This post is divided as follows (for a more interactive experience, checkout the streamlit demo):
Information Closeness
Let’s say we have two journals \(F\) and \(S\) (mockup data in Fig. 1.) with two very distinct natures of reviewing research paper submissions. Reviewers at journal \(F\) are very cautious and it’s rare to see they review a paper as reject or accept. Journal \(S\), on the other hand, tends to take a clear stance on the paper’s acceptance/rejection status.
Given that, weak reject vs. weak accept in the context of \(S\) are informational close because they are closer assessment, while \(F\) treating them as two far ends of the grading scales due to the fact this is a strong disagreement between reviewers in the context of \(F\). Put it differently, two classes \(a\) and \(b\) are informationally close if the probability of finding data points between the two is low.
More formally, given a set of ordinal classes \(C=\{c_1, ..., c_m\}\) and amount of data points assigned to each class \(\{n_1, ..., n_m\}\) with \(N=\Sigma_{i=1}^{m} n_i\), the informational closeness of any class pair \(IC(c_i, c_j)\) is the inverse \(-log(.)\) of the probability of data points assigned to classes in between \((\frac{n_i}{2} + \Sigma_{k=i+1}^{j} n_k)/N\).
Put it all together, we have \[IC(c_i, c_j) = -log(\frac{\frac{n_i}{2} + \Sigma_{k=i+1}^{j} n_k}{N})\]
To be clear, \[IC(c_1, c_3) = -log(\frac{n_1/2 + n_2 + n_3}{N})\] \[IC(c_3, c_1) = -log(\frac{n_3/2 + n_2 + n_1}{N})\] \[IC(c_1, c_1) = -log(\frac{n_1/2}{N})\]
Fig. 1. Two journals \(F\) and \(S\) with two very distinct natures of reviewing research paper submissions.
In the above charts, for each journal, we computed \(IC\) for all class combinations and show the top closest and furthest pairs. As expected, both journals agree that reject vs. accept is the furthest pair. Journal \(S\) treats those on the border: weakly reject, undecided, weakly accept as closest pairs, given there are small amount of data points between them.
Note that, \(IC\) is not symmetrical, hence \(IC(c_i, c_j) \neq IC(c_j, c_i)\).

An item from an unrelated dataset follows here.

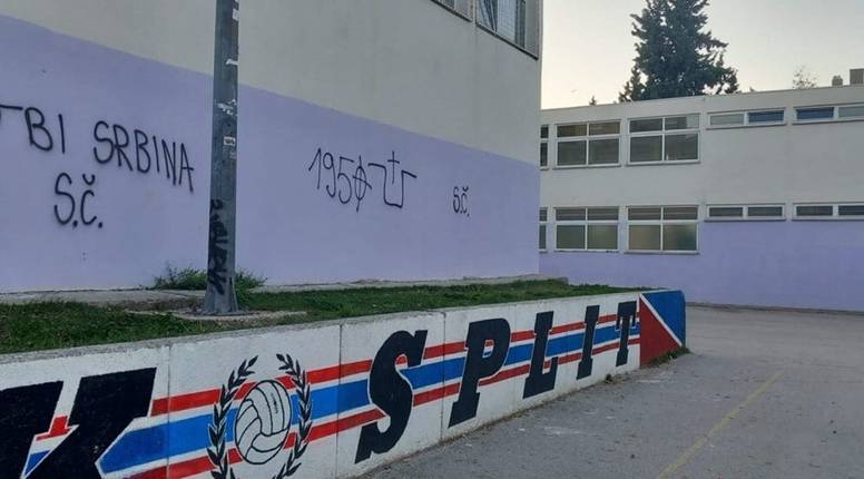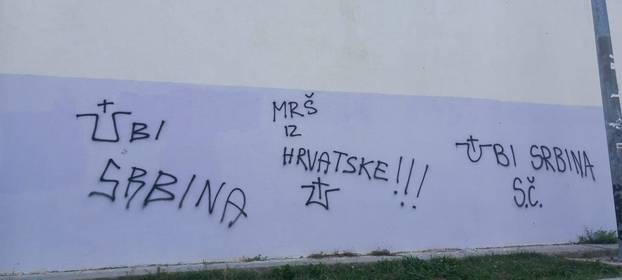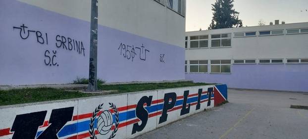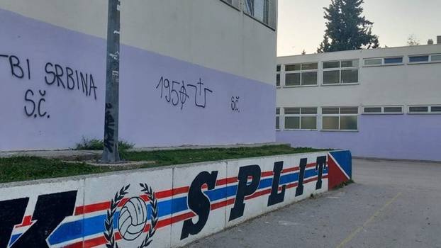 Grafiti s porukama mržnje prema Srbima osvanuli su ujutro na zgradi školske dvorane na splitskim Plokitama. Na zidu su ispisane poruke "Ubij Srbina" i "Mrš iz Hrvatske", uz ustaško slovo "U".

Also for the ease of readability, we scale the computed value by a constant of \(1/log(2)\).
Closeness Evaluation Measure
Next question: How to formulate the idea of informational closeness to an usable evaluation metric for ordinal classification task?
It’s simple. Assume you have an ordinal classification dataset whose each data point labelled an ordinal class. Firstly, you compute the \(IC\) for classes in the dataset; this quantity translates to the reward for making an ordinal step from one class to another which are distributionally closer. Secondly, assume you have a candidate Machine Learning model has been trained on such dataset and ready to evaluate. For each data point, we favour prediction whose class is close to the groundtruth; an accurate class matching results to a point \(1\), while the lesser earning a lesser point. Doing the same for all predictions, we obtain the overall performance measure, i.e. \(CEM\). The highest achievable score for \(CEM\) is \(1\), that is, the higher the better.

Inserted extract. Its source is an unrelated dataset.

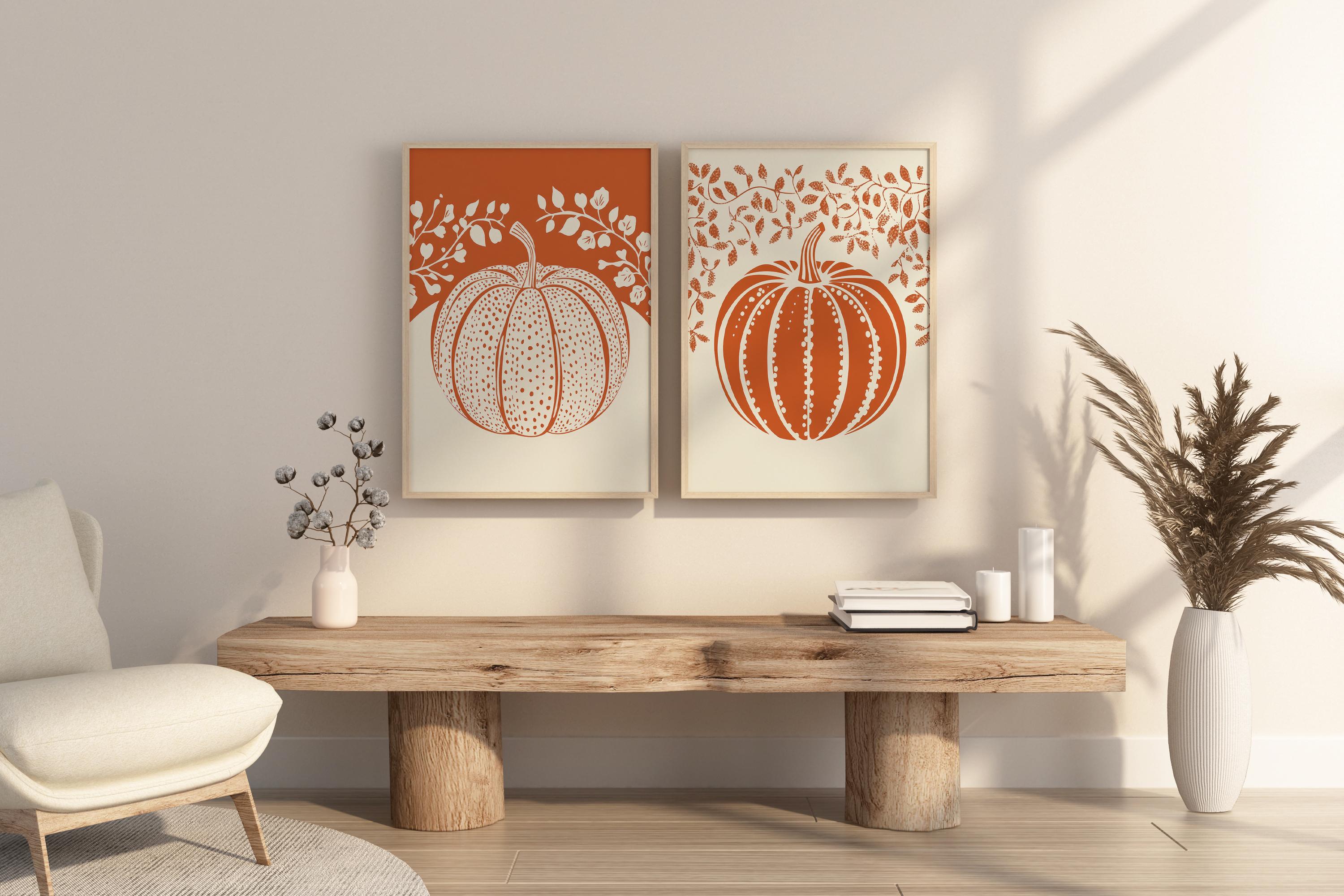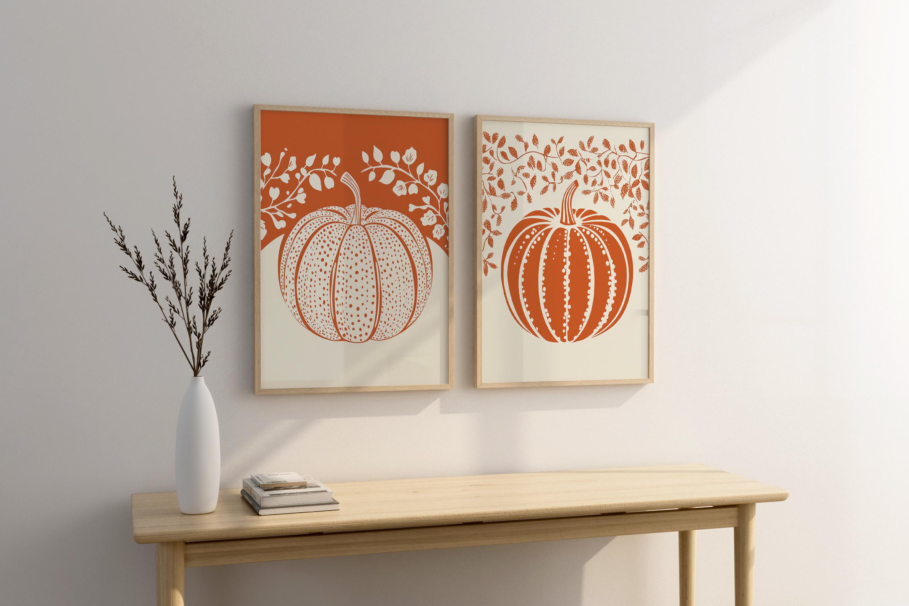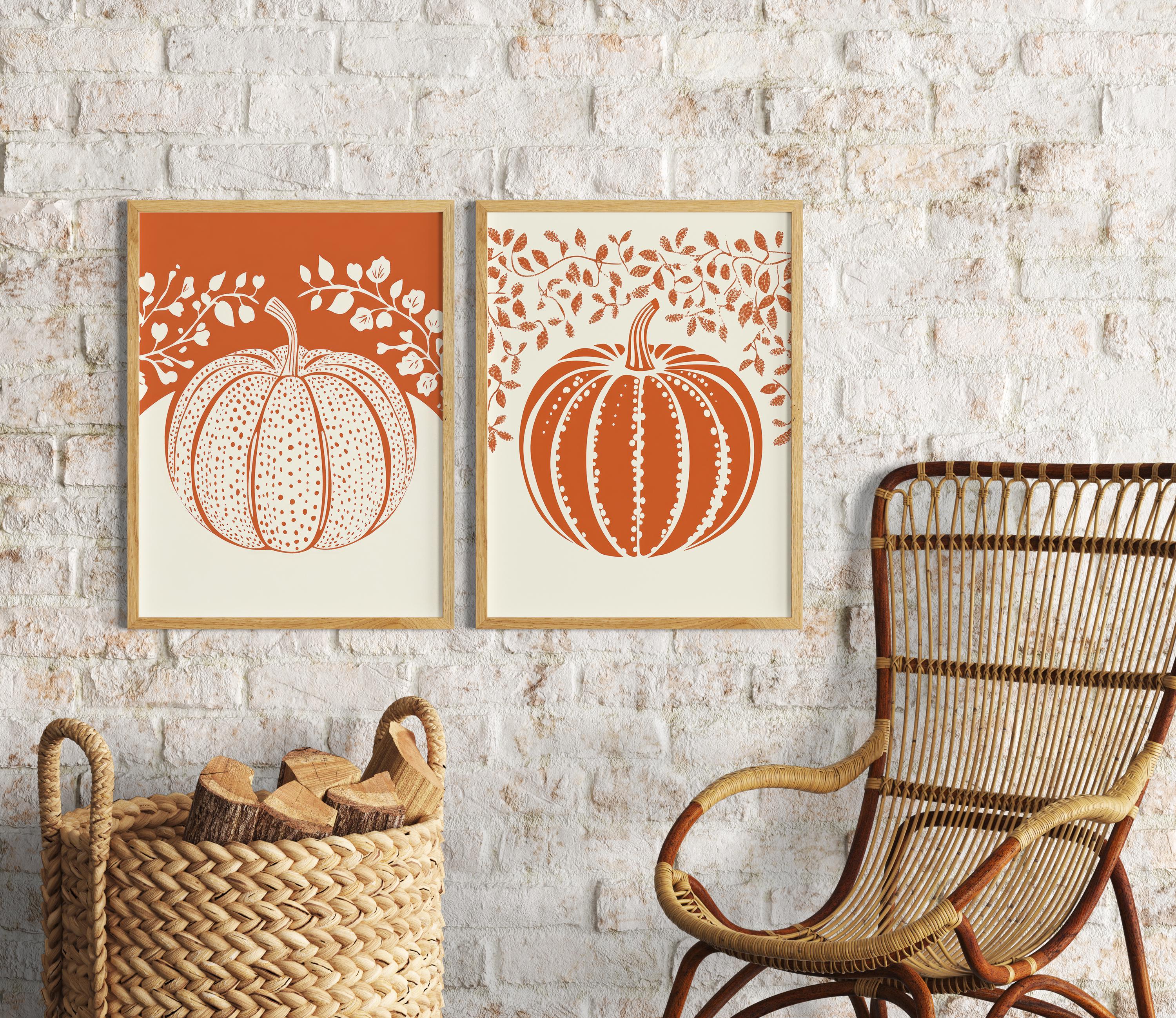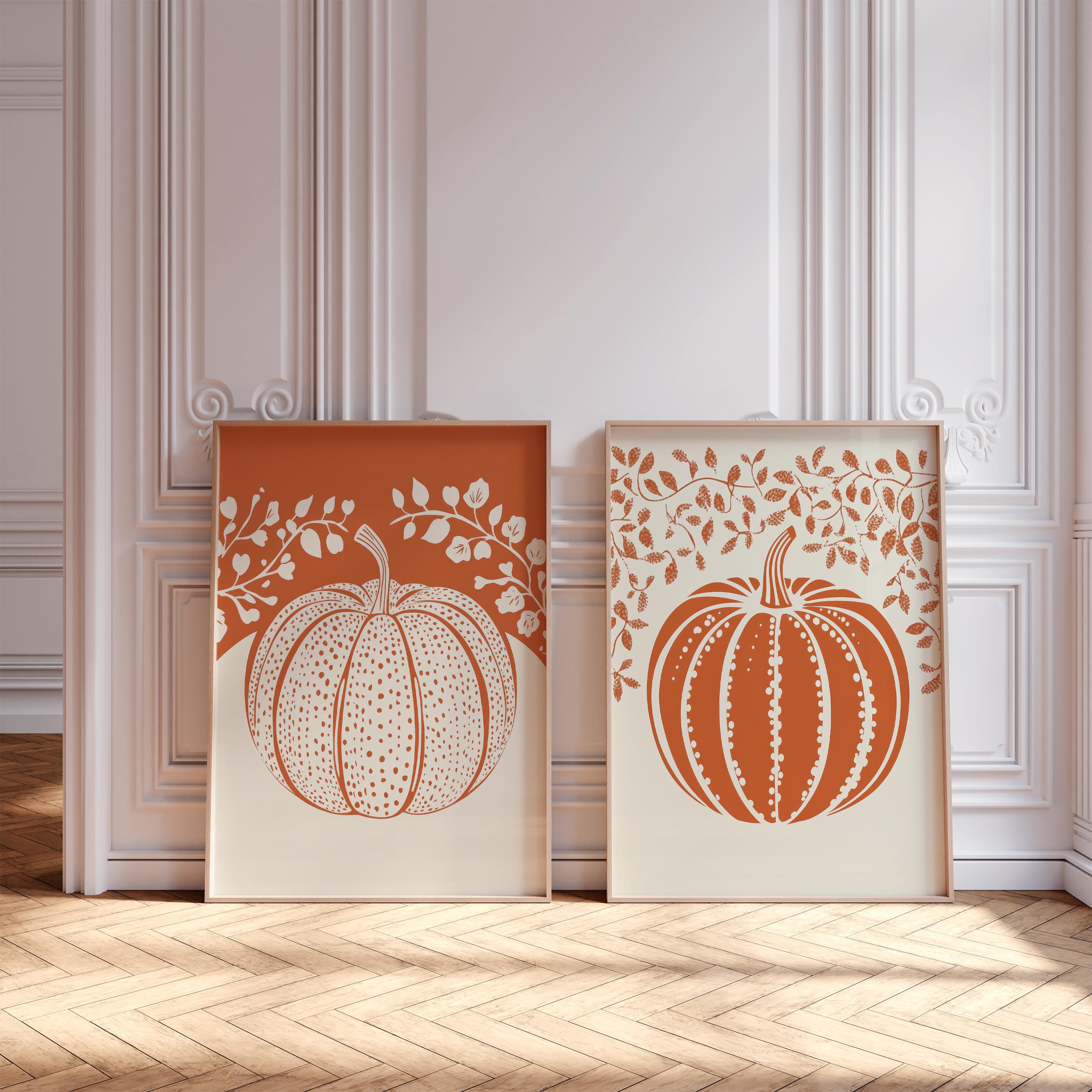 Designed in warm orange and neutral tones, each print features a unique pumpkin illustration framed by natural foliage, making it ideal for autumn, Halloween, and Thanksgiving décor.

More formally, given a dataset \(D\), a groundtruth label mapping, \(g: D \rightarrow C\), an ML model \(m: D \rightarrow C\), the closeness evaluation measure of such model \(CEM(m, g)\) is the summation of \(IC\) between predicted class and groundtruth, normalized by \(IC\) of the groundtruth itself, \(IC[m(d), g(d)] / IC[g(d), g(d)]\) across all data points (\(\Sigma_{d \in D}\)).

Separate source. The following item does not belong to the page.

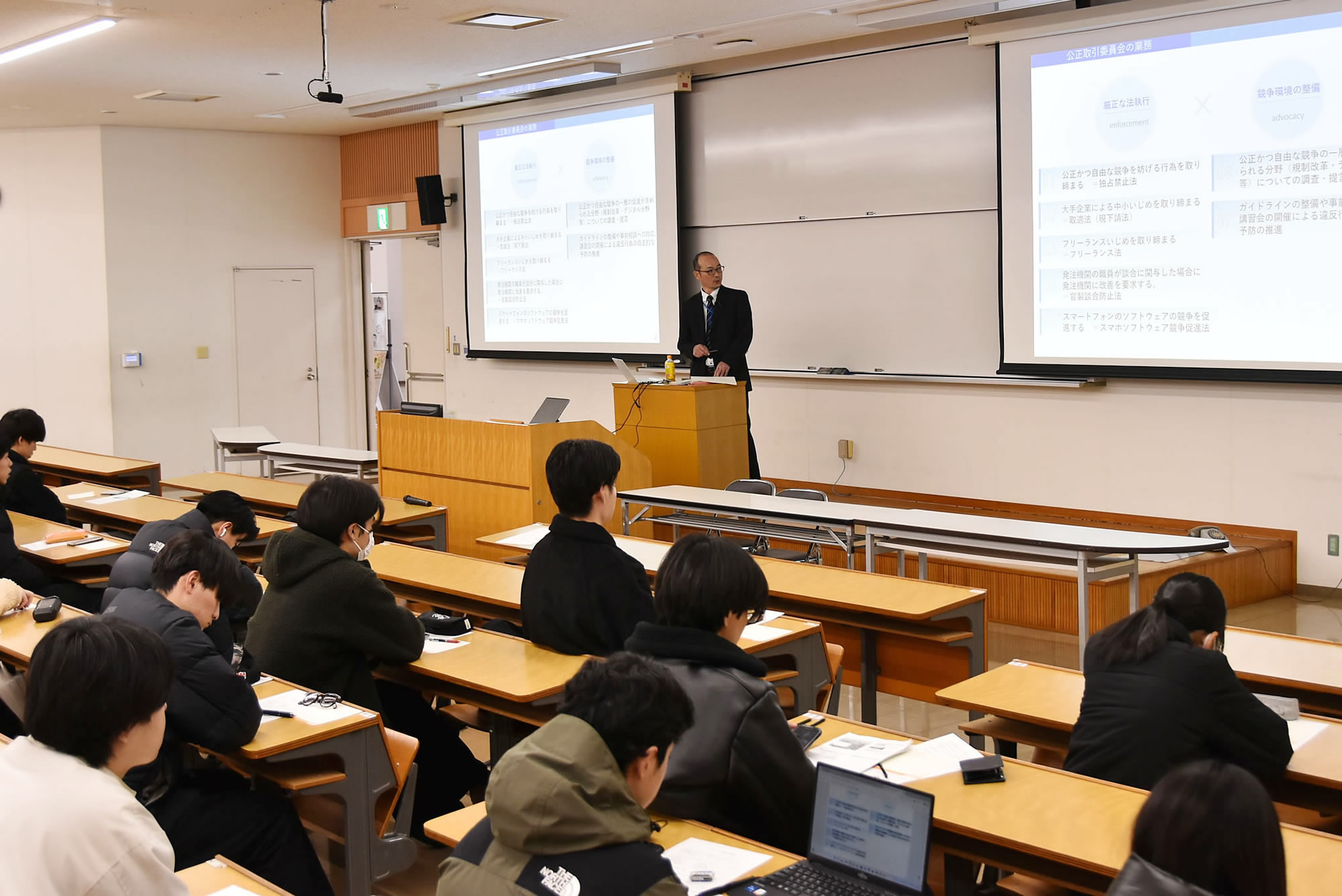 本授業では、産業組織と操業する企業の行動を分析しており、今回は「独占禁止法・下請法※・景品表示法」に関わる競争政策の現実について、学生が興味を持てる事例を中心に解説していただきました。学生にとって、専門家から最新情報を交えたお話を聞くことができ、これまでの学びを深める貴重な機会となりました。

Put together, we have \[CEM(m, g) = \frac{\Sigma_{d \in D} IC[m(d), g(d)]} {\Sigma_{d \in D} IC[g(d), g(d)]}\]
Metric Properties
\(CEM\) has been proven to satisfy three mathematical properties that address the shortcomings of other metrics. That is, the metrics take into account of ordering information, does not assume a predefined interval between classes, and reward the highest score for identifying the correct class.
Below are subsections elaborating the properties. Each property to be accompanied by a pair of exampled datasets, whose groundtruth and prediction are depicted in the x-axis and coloring, respectively. This to illustrate the intuition behind each property, and in order to read the charts properly, do pay attention to Ordinal Invariance section.
Ordinal Invariance
First Dataset is a journal paper review dataset with \(9\) data points. The x-axis’ ticks depict their true classes: \(3\) rejects, \(3\) weak rejects, \(3\) undecideds and \(0\) for the other two classes. The coloring of the circles ( pink, red, yellow, dark green, light green), depicts the data points’ predictions. In this data set, the \(9\) predictions are exact matches to their true classes.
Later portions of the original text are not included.